SOURCE MATERIAL Block Start

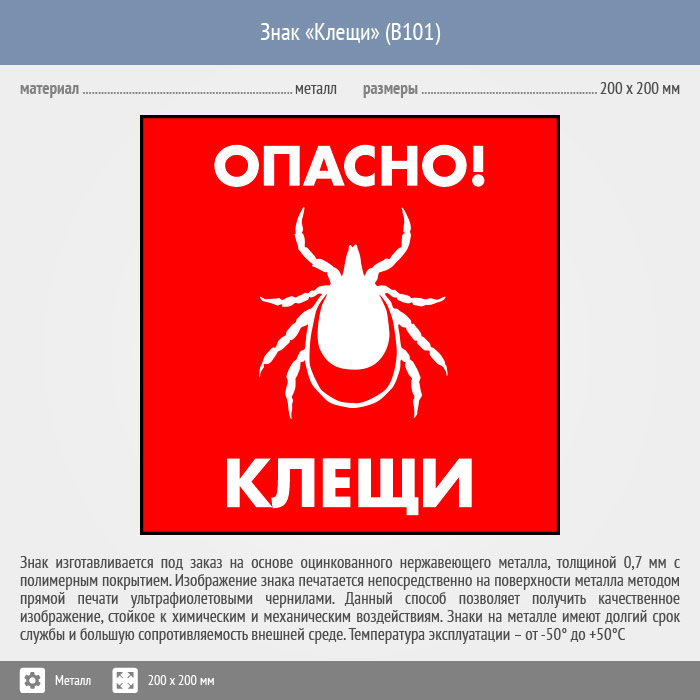 Знак «Опасно! Клещи», B101 (металл, 200х200 мм) в Твери купить
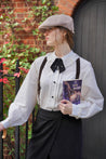 Creep into a world of dark mystery with the Raven Collar Shirt, a 100% cotton Wednesday-inspired piece that blends gothic charm with refined tailoring. Designed in an oversized silhouette for effortless comfort, it features a gentleman-style collar edged with delicate lace - structured yet romantic, and undeniably feminine. The detachable black bow at the neck gives you the freedom to shift your mood: wear it tied for a dramatic, Nevermore-ready look, or remove it for something cleaner and more austere. Billowing sleeves gathered at the wrist finish in lace-trimmed cuffs, adding a subtle softness to the bold, almost academic silhouette. This shirt feels both bookish and rebellious, perfect for dark academia outfits!
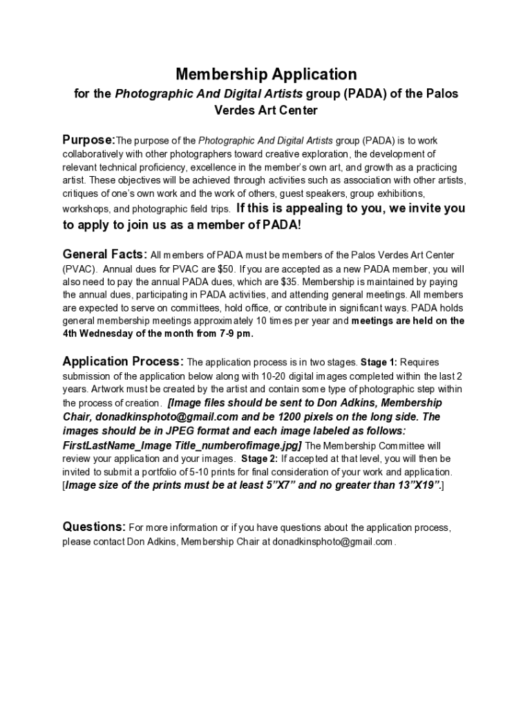 Membership Application for the Photographic And Digital Artists group (PAD) of the Palos Verdes Art Center Purpose:The purpose of the Photographic And Digital Artists group (PAD) is to work collaboratively
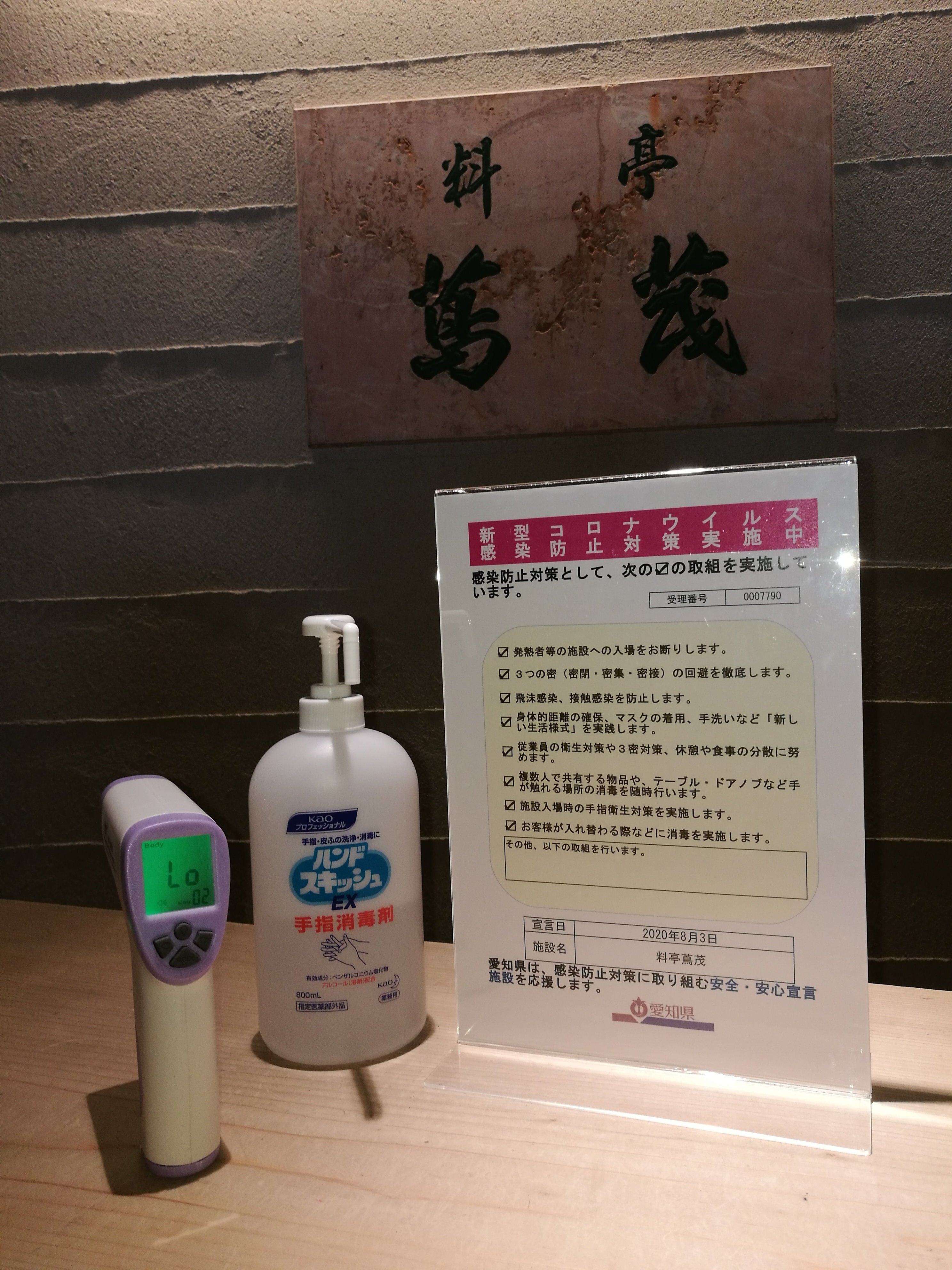 具体的には、愛知県の「新型コロナウイルス感染防止対策」のガイドラインに則り、新型コロナウイルス感染症対策を実施しており、その届け出も済ませております。
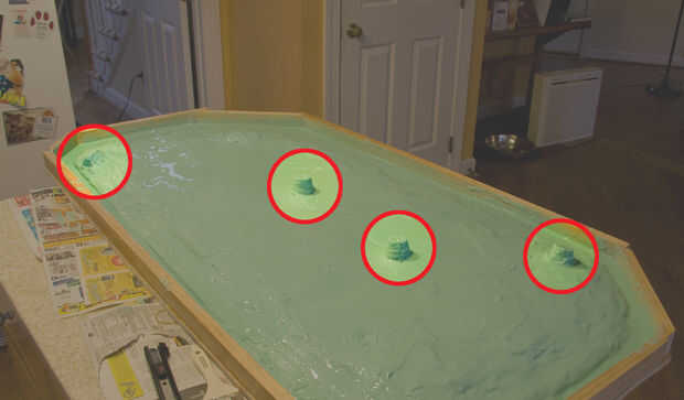 Como antes, utilizará una proporción 1:1 a la 40 de rebote de la mezcla. Aplique 2 capas de este caucho hasta adecuadamente han cubierto el 25 de rebote (con 8 horas entre capa y capa). Mezcla una tercera y final por lotes con el espesante de silicona y tienen sus claves de registro de caucho listos. Usted necesitará usar agitador de pintura de deber más pesado para aplicar la silicona ya que será demasiado pesado y grueso para aplicar con un pincel. Meter las claves de registro en la goma gruesa en puntos uniformemente espaciados en la parte superior del molde.
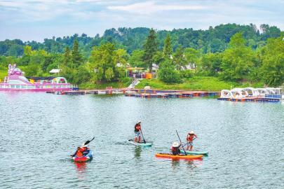 8月15日,雅安市名山區(qū)的百丈湖水上運動休閑俱樂部吸引了不少游客前往,享受水上運動的樂趣。 雅安觀察 黃剛 攝
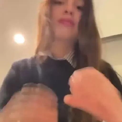 Uma jovem com cabelo castanho e um suéter preto fazendo um gesto com a mão.
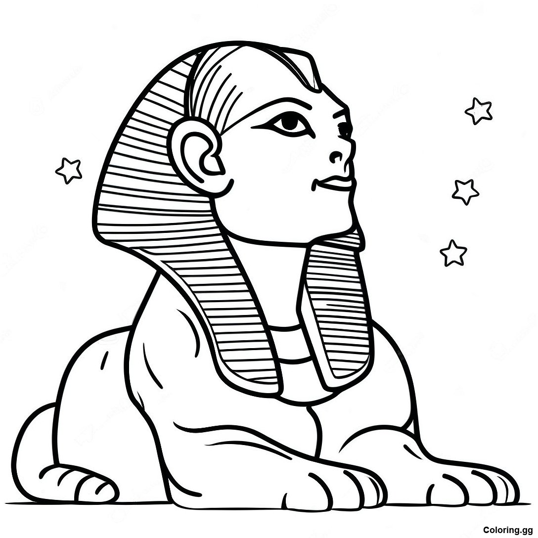 तारों भरे आसमान के नीचे स्फिंक्स रंग भरने वाला पृष्ठ
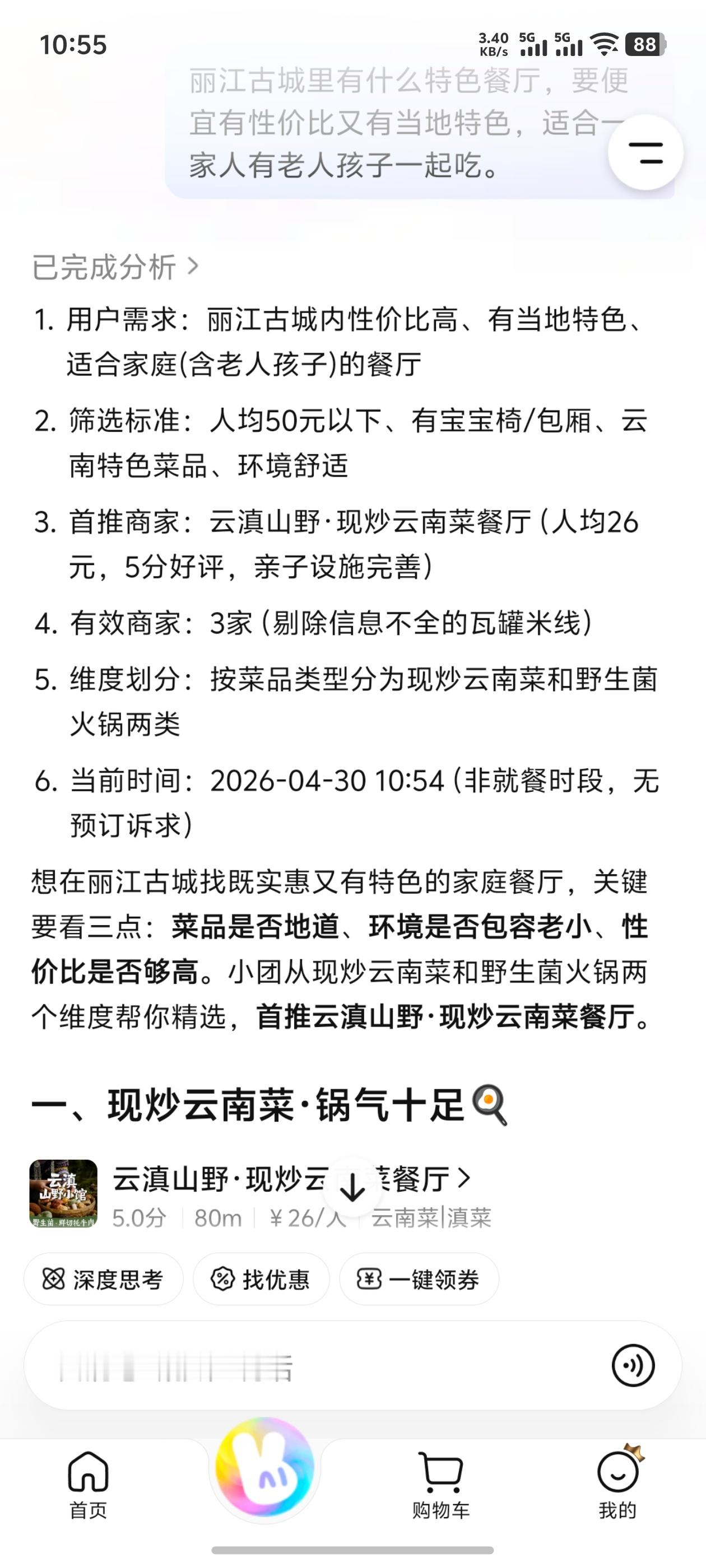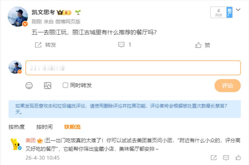 不小心触发了真能解决生活问题的AI五一出门游玩全程纠结,路线、美食、打卡地样样头疼,忍不住发微博吐槽出游困难症,没想到意外收到美团官方评论推荐,随手去体验了一把美团小团,直接被狠狠惊艳到。这款美团专属 AI 助手真的太懂普通人的出行需求,对话式交互特别省心,有任何问题直接提问就能快速解答。最让我惊喜的是它的美食推荐,精准匹配景区周边高口碑餐厅,避开网红刺客和踩雷小店。毕竟美团深耕本地生活多年,积累了海量餐饮大数据,结合真实用户评价,推荐逻辑特别贴合日常口味,靠谱度拉满。日常查攻略、找门店、出行规划都能一键搞定,覆盖吃喝玩乐住行购全场景。使用方式很简单,要么在美团首页搜索框关键词查询,也能点击首页底部【小团】tab,一键开启 AI 智能搜索。原来实用的 AI 就在身边,轻松化解各种出行难题。
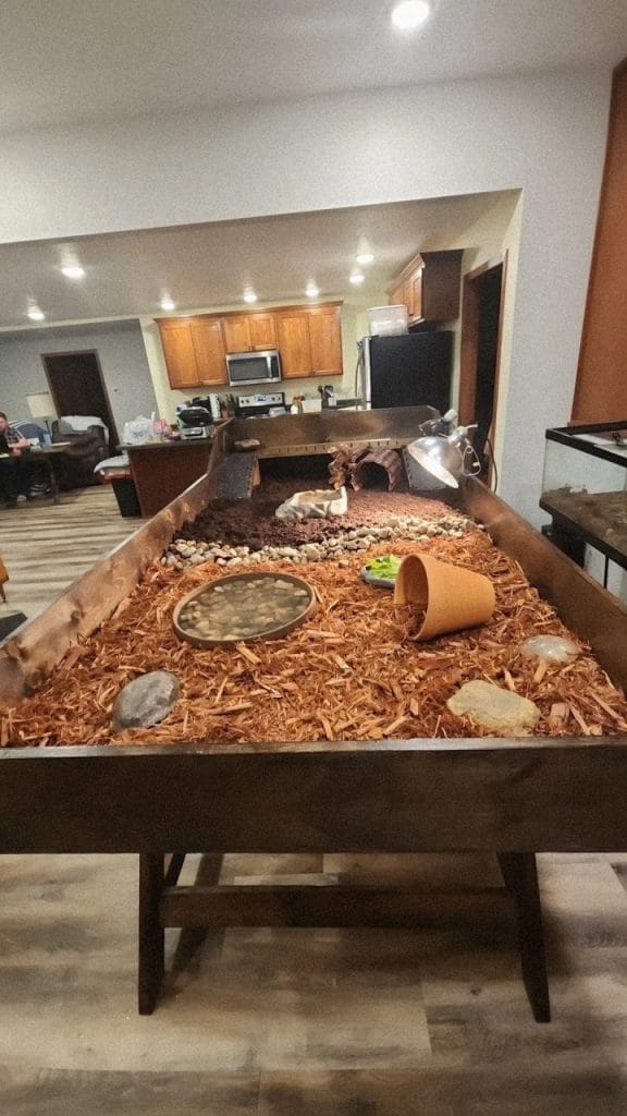 This setup turns a large wooden table into a tortoise paradise, with different zones for basking, burrowing, and roaming. There’s a water dish, a hide, bark chips, and even a dirt mound for digging.
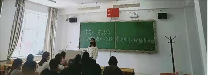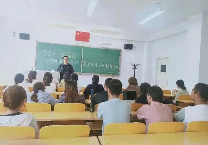 2021年9月3日,教工二支部支委杨永红博士在盛乐校区行知楼214室组织开展了“学党史,强信念”——EMC易倍体育教工二支部党史学习教育。2019级普师三班的预备党员和入党积极分子参加了活动。

SOURCE MATERIAL Block End

- _WHAT YOU NEED TO DO_
Leave out the pictures and repeat exactly the lines from the first line of the data through the line containing "Creep into a". Add nothing else.

- _PROBLEM SOLUTION_
 Знак «Опасно! Клещи», B101 (металл, 200х200 мм) в Твери купить
 Creep into a world of dark mystery with the Raven Collar Shirt, a 100% cotton Wednesday-inspired piece that blends gothic charm with refined tailoring. Designed in an oversized silhouette for effortless comfort, it features a gentleman-style collar edged with delicate lace - structured yet romantic, and undeniably feminine. The detachable black bow at the neck gives you the freedom to shift your mood: wear it tied for a dramatic, Nevermore-ready look, or remove it for something cleaner and more austere. Billowing sleeves gathered at the wrist finish in lace-trimmed cuffs, adding a subtle softness to the bold, almost academic silhouette. This shirt feels both bookish and rebellious, perfect for dark academia outfits!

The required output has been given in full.